Вплоть до того, что, когда я привел к нему для знакомства жену, он сказал при следующей – с глазу на глаз – встрече:

– Только, голубчик, не балуйте вашу жену. Мой брат (имелся в виду М. Ильин, в свое время известный популяризатор науки. – Ст. Р.), когда был смертельно болен, становился на колени, чтобы завязать шнурки на ботинках своей жены, и как же она оказалась беспомощна, оставшись одна. Без него. Помните, как сказано у нашего с вами любимого Метерлинка?…

«Нашего с вами» – звучит, понимаю, забавно и заставляет вспомнить, как я брал у него интервью по заказу «Вопросов литературы» – оно оказалось для него последним.

Не владея магнитофоном (не овладел и сейчас), я записывал на коленке, пунктирно, его монологи, а ночью, сварив кастрюлю кофе, развернул их, навязав Маршаку Бог знает сколько собственных – как мне казалось – мыслей и наблюдений. Утром явился к нему и, как нашкодивший школьник, схитрил: «Понимаете, С. Я., я записал не только ваши вчерашние слова, но и то, что слышал от вас много раньше». Дескать, не может же он помнить всего.

Черта с два! Старик слушал спокойно и только в местах, где я давал себе волю, вскрикивал: «Молодец!»

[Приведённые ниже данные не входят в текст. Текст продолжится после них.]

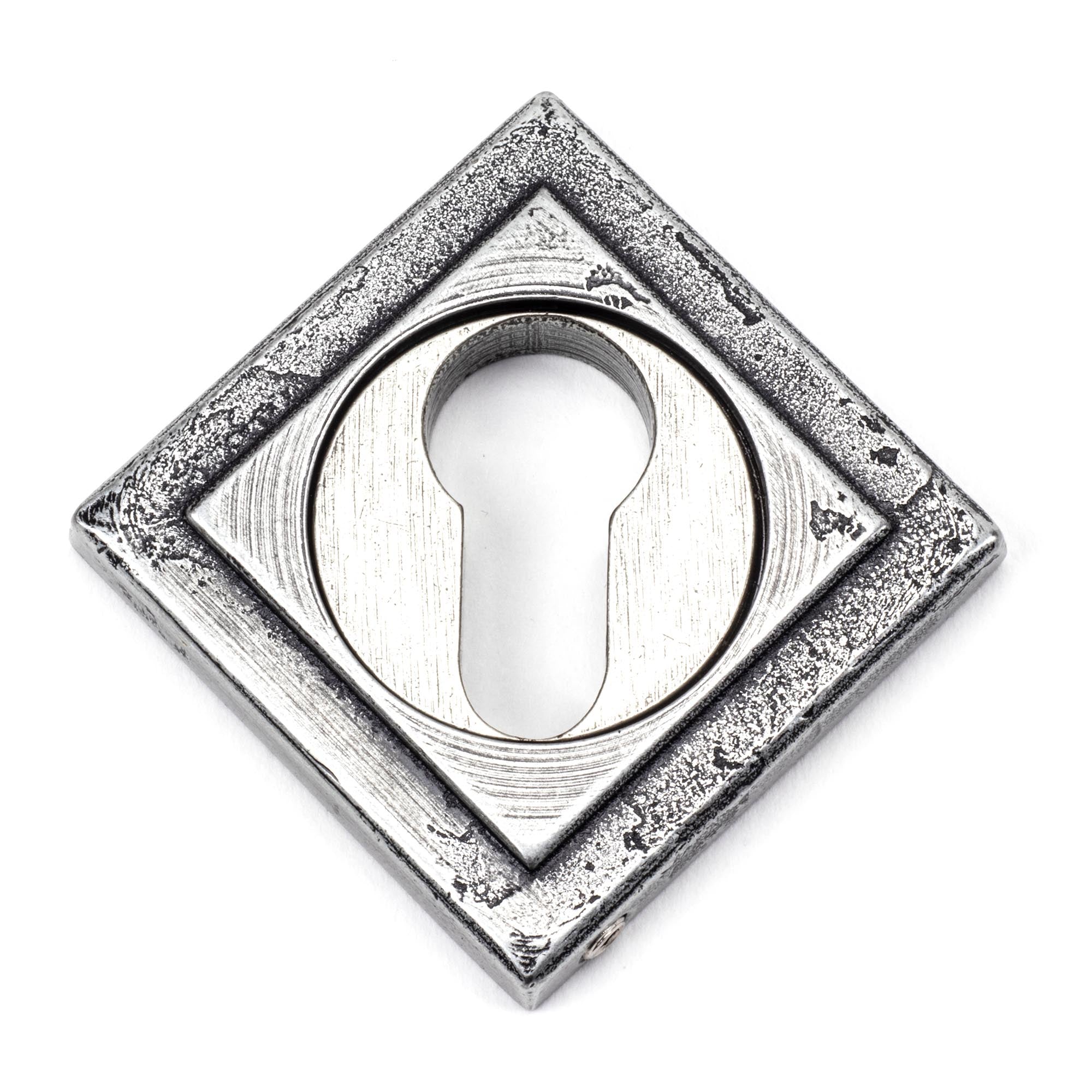Upgrade your space with the Round Euro Escutcheon - Square in a refined Pewter Patina finish. Our vast range of escutcheons are used to decorate key holes, adding the finishing touch to any locking door. This concealed feature has a square cover that brings a contemporary edge to a traditional design. Our escutcheons are designed to complement all our mortice knob and lever on rose designs. This escutcheon is used with a Euro profile lock in conjunction with a Euro cylinder.

После я ухмылялся, встречая в разных статьях «мои» цитаты из «нашего» интервью с присовокуплением: «Как мудро заметил Маршак…», пока не осознал: «моим» все это не было! В такой зависимости я тогда находился от строя мыслей Маршака.

Однако – о «нашем с вами» Метерлинке. С. Я. в самом деле обрадовался, узнав, что среди увлечений моих всеядных студенческих лет был Метерлинк, любимый им, и вообще театр символизма. (Помню, как в целинной палатке 1957-го усыпил своих многочисленных сверстников-студентов, полночи терзая их «Эволюцией творчества Гауптмана», – мы завели там обычай поочередно читать что-то наподобие лекций. Тщеславия ради добавлю, что следующие две ночи заставил их хохотать, читая на память «Теорию пародии» и «Историю Козьмы Пруткова».)

Итак:

– Помните?… Если за розой слишком ухаживать, у нее исчезнут шипы.

И еще про женщин:

– Они ближе мужчин к природе. Они с нею связаны сроками – роды, месячные… Поэтому они лучше нас. Но распутная женщина теряет свое превосходство, приравнивается к мужчине…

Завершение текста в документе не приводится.